L’incontro è stato aperto dalla presentazione multimediale curata dal Gruppo Fotografico Obiettivo Spezia, comprendente le 70 foto del libro. Gianluca Solfaroli, vicepresidente dell’Associazione, ha introdotto descrivendo il libro, composto da una prima parte di profili biografici e testimonianze e da una seconda parte di strumenti critici. “La parte più emozionante è quella dedicata alle donne contadine, che diedero un sostegno fondamentale alla Resistenza armata”, ha detto Solfaroli, che ha aggiunto: “Le fotografie sono molto belle, danno un tocco di grazia al libro”. Il dato di fondo che emerge è che nella Resistenza “per la prima volta nella storia nazionale le donne non si rinchiusero nel privato e si assunsero grandi responsabilità”.

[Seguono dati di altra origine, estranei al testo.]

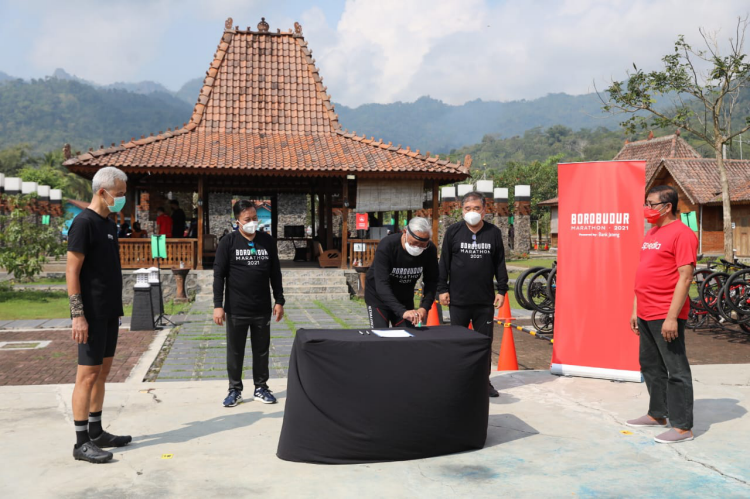 Magelang, UP Radio – Gubernur Jawa Tengah Ganjar Pranowo berharap penyelenggaraan Borobudur Marathon (BorMar) 2021 bisa lebih melibatkan partisipasi masyarakat seperti sebelum pandemi. Hal itu disampaikan Ganjar usai menyaksikan penandatanganan nota kesepahaman Borobudur Marathon 2021 dan Tour de Djawa antara Bank Jateng dan Kompas di Balkondes Ngadiharjo, Magelang, Sabtu (29/5/2021).
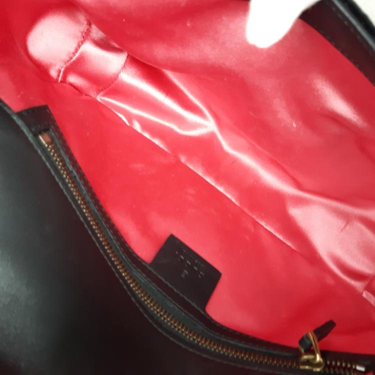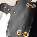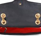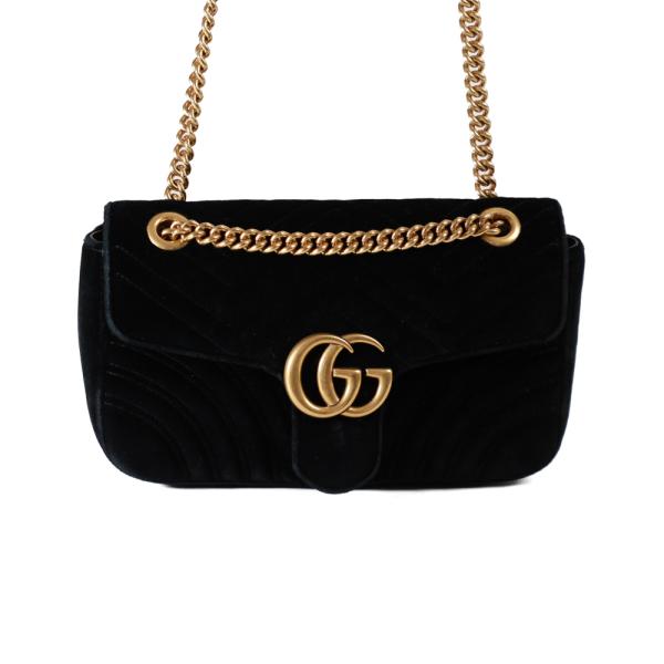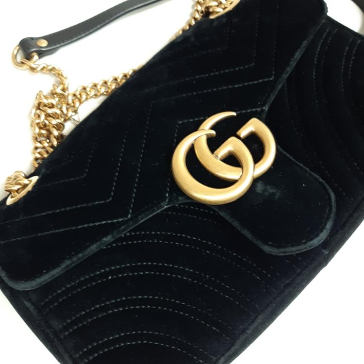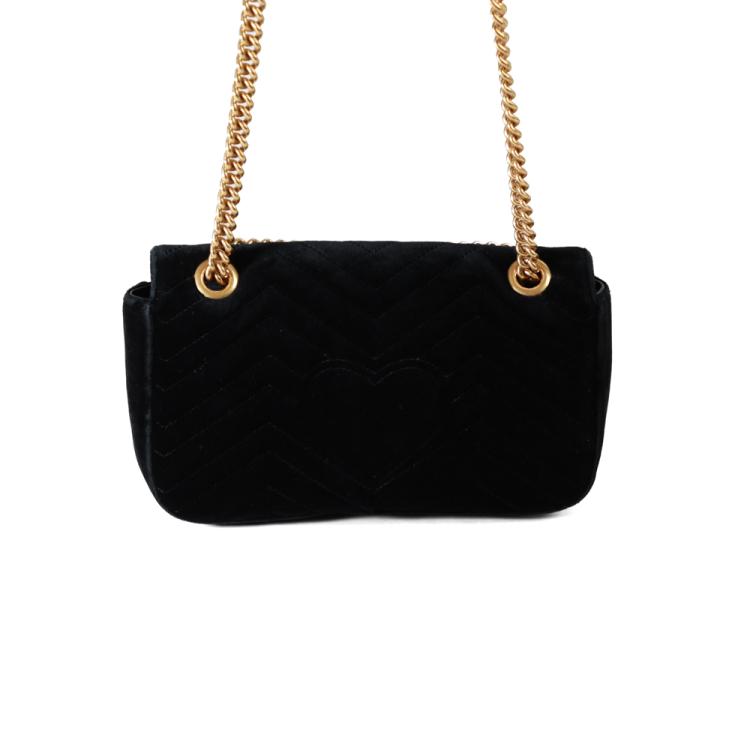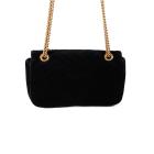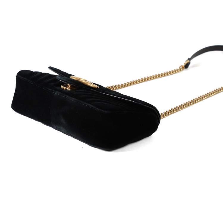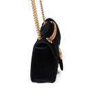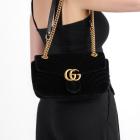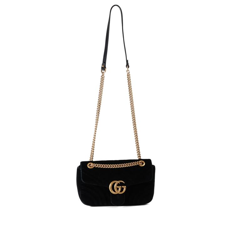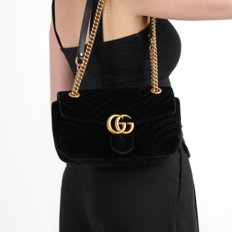 Gucci small GG Marmont Chain bag in black matelassé velvet exterior. Featuring antique gold-toned hardware, sliding chain shoulder strap, and front flap with interlocking GG logo. The push-lock closure opens to a bright pink satin interior with a zipper pocket. Approximate dimensions: 25cm(L) x 15cm(H) x 7cm(D), strap drop 56cm. Accompanied by Gucci dustbag. With Entrupy Certificate of Authenticity. (Pre-owned)

Maurizio Fiorillo, storico e rappresentante dell’Istituto Storico della Resistenza spezzino, ha definito il libro “emozionante, utile e anche necessario, perché l’immagine della Resistenza locale è ancora maschile e anche la storiografia locale è stata un po’ maschile”. Fiorillo si è soffermato su due punti centrali affrontati nel libro: “il rapporto simbiotico tra partigiani e donne contadine” e “la paura dello scompiglio portato dalle donne partigiane nelle formazioni armate”: “anche quando le donne, come Angela Bastelli e Vera Del Bene, avevano rapporti fraterni con gli uomini, avevano però anche difficoltà ad essere accettate pienamente”.
Chiara Dogliotti, del Comitato Scientifico dell’Istituto Storico della Resistenza Ligure, ha definito “Sebben che siamo donne” un libro “di straordinaria ricchezza, che ricorda ‘L’anello forte’ di Nuto Revelli”. Una figura simbolo è “la mamma”: “la pietas della donna che lava e ricompone i cadaveri degli uccisi”, “le donne che sembrano Antigoni che si mettono contro la legge dalla parte del cuore”. Dogliotti ha poi analizzato il rapporto donne-violenza -“se Vera Del Bene dice che l’uso delle armi le ha tolto la felicità, per altre partigiane l’uso delle armi significa eguaglianza con l’uomo”- e la “rigidità sessuale del mondo partigiano, elemento che univa comunisti e cattolici”. La parte conclusiva del suo intervento è stata dedicata al “rammarico” per “il rientro, nel dopoguerra, delle donne nei ranghi”.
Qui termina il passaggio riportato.